Re: [RFC PATCH 11/26] hugetlb: add hugetlb_walk_to to do PT walks

From: Mike Kravetz
Date: Thu Jul 07 2022 - 19:04:01 EST


On 06/27/22 18:37, manish.mishra wrote:
>
> On 24/06/22 11:06 pm, James Houghton wrote:
> > This adds it for architectures that use GENERAL_HUGETLB, including x86.

I expect this will be used in arch independent code and there will need to
be at least a stub for all architectures?

> >
> > Signed-off-by: James Houghton <jthoughton@xxxxxxxxxx>
> > ---
> > include/linux/hugetlb.h | 2 ++
> > mm/hugetlb.c | 45 +++++++++++++++++++++++++++++++++++++++++
> > 2 files changed, 47 insertions(+)
> >
> > diff --git a/include/linux/hugetlb.h b/include/linux/hugetlb.h
> > index e7a6b944d0cc..605aa19d8572 100644
> > --- a/include/linux/hugetlb.h
> > +++ b/include/linux/hugetlb.h
> > @@ -258,6 +258,8 @@ pte_t *huge_pte_alloc(struct mm_struct *mm, struct vm_area_struct *vma,
> > unsigned long addr, unsigned long sz);
> > pte_t *huge_pte_offset(struct mm_struct *mm,
> > unsigned long addr, unsigned long sz);
> > +int hugetlb_walk_to(struct mm_struct *mm, struct hugetlb_pte *hpte,
> > + unsigned long addr, unsigned long sz, bool stop_at_none);
> > int huge_pmd_unshare(struct mm_struct *mm, struct vm_area_struct *vma,
> > unsigned long *addr, pte_t *ptep);
> > void adjust_range_if_pmd_sharing_possible(struct vm_area_struct *vma,
> > diff --git a/mm/hugetlb.c b/mm/hugetlb.c
> > index 557b0afdb503..3ec2a921ee6f 100644
> > --- a/mm/hugetlb.c
> > +++ b/mm/hugetlb.c
> > @@ -6981,6 +6981,51 @@ pte_t *huge_pte_offset(struct mm_struct *mm,
> > return (pte_t *)pmd;
> > }
>
>
> not strong feeling but this name looks confusing to me as it does
>
> not only walk over page-tables but can also alloc.
>

Somewhat agree.

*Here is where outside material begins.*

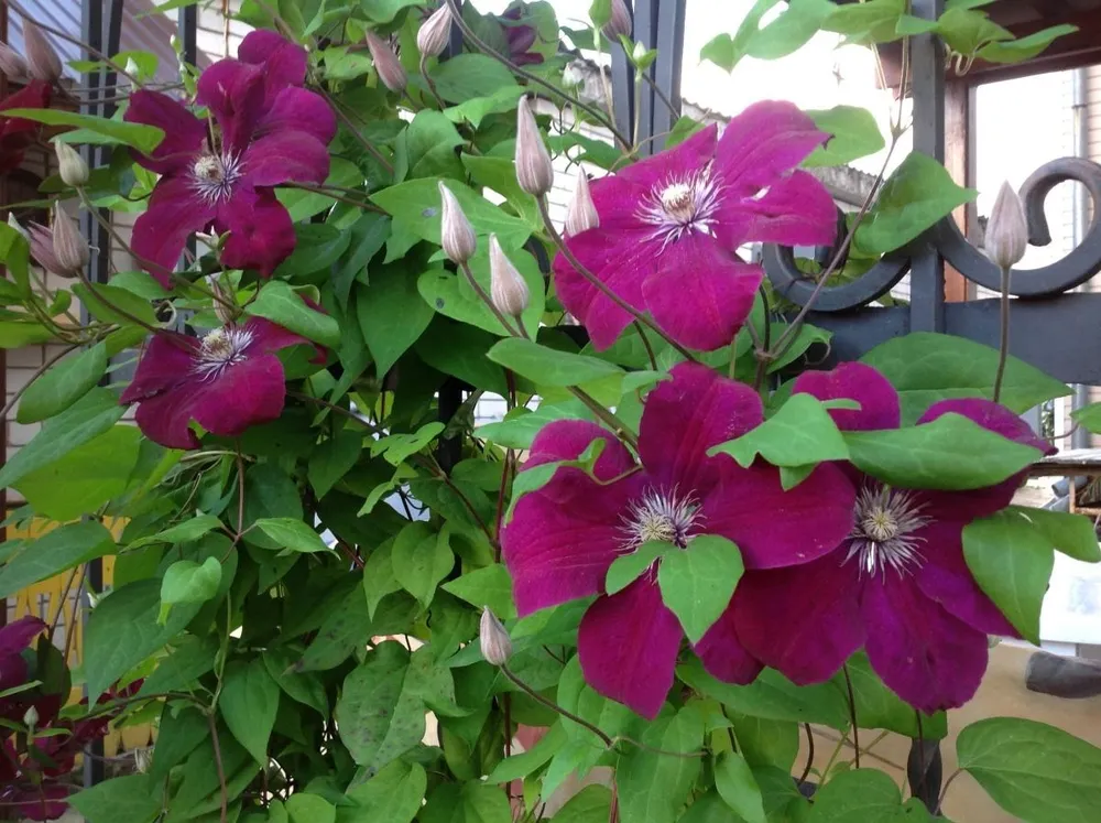 Клематис Руж Кардинал – это вьющееся растение, которое может достигать высоты 3-4 метра. Его мощные побеги быстро оплетают опоры, создавая роскошный зеленый куст с обильным цветением.

With this we have:
- huge_pte_offset to walk/lookup a pte
- huge_pte_alloc to allocate ptes
- hugetlb_walk_to which does some/all of both

Do not see anything obviously wrong with the routine, but future
direction would be to combine/clean up these routines with similar
purpose.
--
Mike Kravetz

> > +int hugetlb_walk_to(struct mm_struct *mm, struct hugetlb_pte *hpte,
> > + unsigned long addr, unsigned long sz, bool stop_at_none)
> > +{
> > + pte_t *ptep;
> > +
> > + if (!hpte->ptep) {
> > + pgd_t *pgd = pgd_offset(mm, addr);
> > +
> > + if (!pgd)
> > + return -ENOMEM;
> > + ptep = (pte_t *)p4d_alloc(mm, pgd, addr);
> > + if (!ptep)
> > + return -ENOMEM;
> > + hugetlb_pte_populate(hpte, ptep, P4D_SHIFT);
> > + }
> > +
> > + while (hugetlb_pte_size(hpte) > sz &&
> > + !hugetlb_pte_present_leaf(hpte) &&
> > + !(stop_at_none && hugetlb_pte_none(hpte))) {
>
> Should this ordering of if-else condition be in reverse, i mean it will look
>
> more natural and possibly less condition checks as we go from top to bottom.
>
> > + if (hpte->shift == PMD_SHIFT) {
> > + ptep = pte_alloc_map(mm, (pmd_t *)hpte->ptep, addr);
> > + if (!ptep)
> > + return -ENOMEM;
> > + hpte->shift = PAGE_SHIFT;
> > + hpte->ptep = ptep;
> > + } else if (hpte->shift == PUD_SHIFT) {
> > + ptep = (pte_t *)pmd_alloc(mm, (pud_t *)hpte->ptep,
> > + addr);
> > + if (!ptep)
> > + return -ENOMEM;
> > + hpte->shift = PMD_SHIFT;
> > + hpte->ptep = ptep;
> > + } else if (hpte->shift == P4D_SHIFT) {
> > + ptep = (pte_t *)pud_alloc(mm, (p4d_t *)hpte->ptep,
> > + addr);
> > + if (!ptep)
> > + return -ENOMEM;
> > + hpte->shift = PUD_SHIFT;
> > + hpte->ptep = ptep;
> > + } else
> > + BUG();
> > + }
> > + return 0;
> > +}
> > +
> > #endif /* CONFIG_ARCH_WANT_GENERAL_HUGETLB */
> > #ifdef CONFIG_HUGETLB_HIGH_GRANULARITY_MAPPING